В начале гона жертвам чертят на горле запирающую руну, чтобы те не могли кричать и выпустить свой страх, а на руку повязывают шнурок с глухим рубиновым колокольчиком. Отсюда название. Ну и из-за крови тоже.
2
Самое близкое определение состоянию было кисель или подтаявшее желе. Вот бы еще сучки́ лопатками не чувствовать и отсыревшую одежду. Затылку зато хорошо лежалось на влажной земле – мягко и прохладно. Меч висел пудовой гирей, хотя тоже, как и Пи, лежал. Под ремнем зудело, будто там, где корпус футляра прижимался к коже, копошилась банда муравьев. Муравьи, кстати, и так могли быть, без «будто».
Сучки, отдаленное шуршание и поскрипывание, влажная трава, запах прели и сырости… Лес на краю болота? Заболоченный лес? Куда их занесло? Может когда-нибудь и получится целенаправленно ходить гранью отсюда туда, куда глазам не видно, но точно еще не скоро.
В теории их должно было притянуть к ближайшему темному источнику. Хорошо бы в пределах королевства. В Нодлуте, несмотря на в основном сырой климат, болот не особенно много водилось, зато в соседней Штиверии – как… муравьев.

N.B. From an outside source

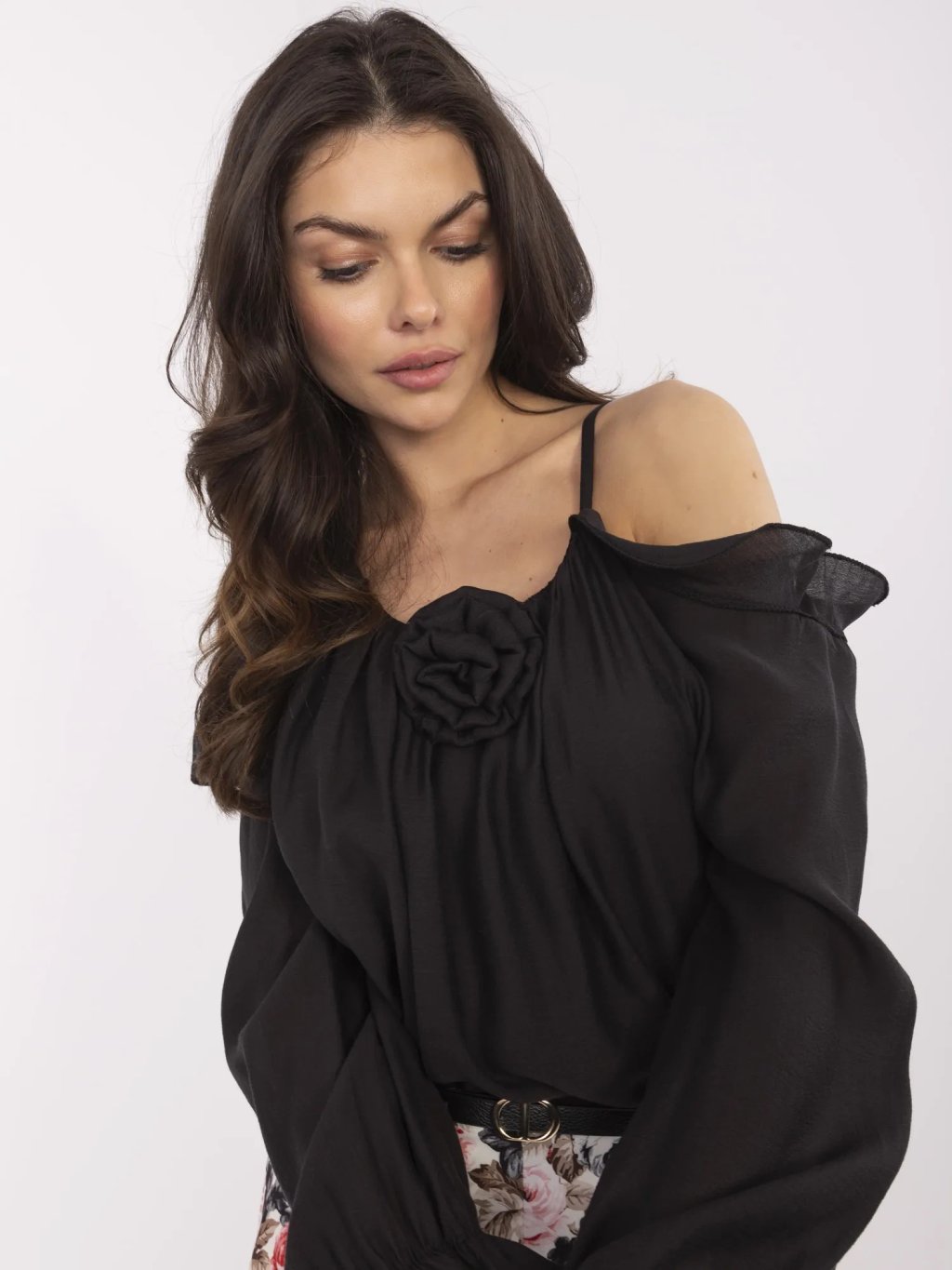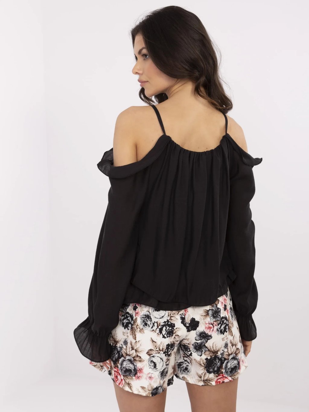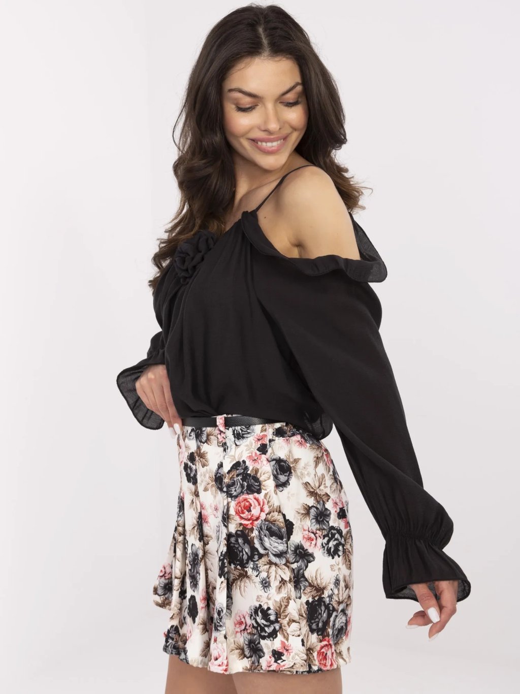Modelka na obrázcích je vysoká 173 cm, obvod přes prsa 89 cm, obvod pasu 65 cm a boky 91 cm.

Руки не поднимались, чтобы поскрести зудящую кожу, пытка становилась невыносимой. Опасение, что прохудившийся футляр может нанести непоправимый ущерб там, где лежит, позволило ценой диких усилий и взмокшего от них лба шлепнуть пятерню на пузо и кое-как выковырять источник зуда из-под ремня.
— О-о-о, – не сдержался от стона Пи.
— Ты что там делаешь? — не слишком внятно донеслось откуда-то сверху и немного справа, если принять лежащую на земле голову за точку отсчета.
— Открой глаза и посмотри. Знаешь, где мы?
— Открой глаза и посмотри. Что это было?
— Я не удержал контроль. Из-за тебя, между прочим. Проломил грань. Выдернул нас обратно. Потом мы навернулись с твоей метлы. Но как-то очень удачно, если лежим и разговариваем. Руки-ноги целы?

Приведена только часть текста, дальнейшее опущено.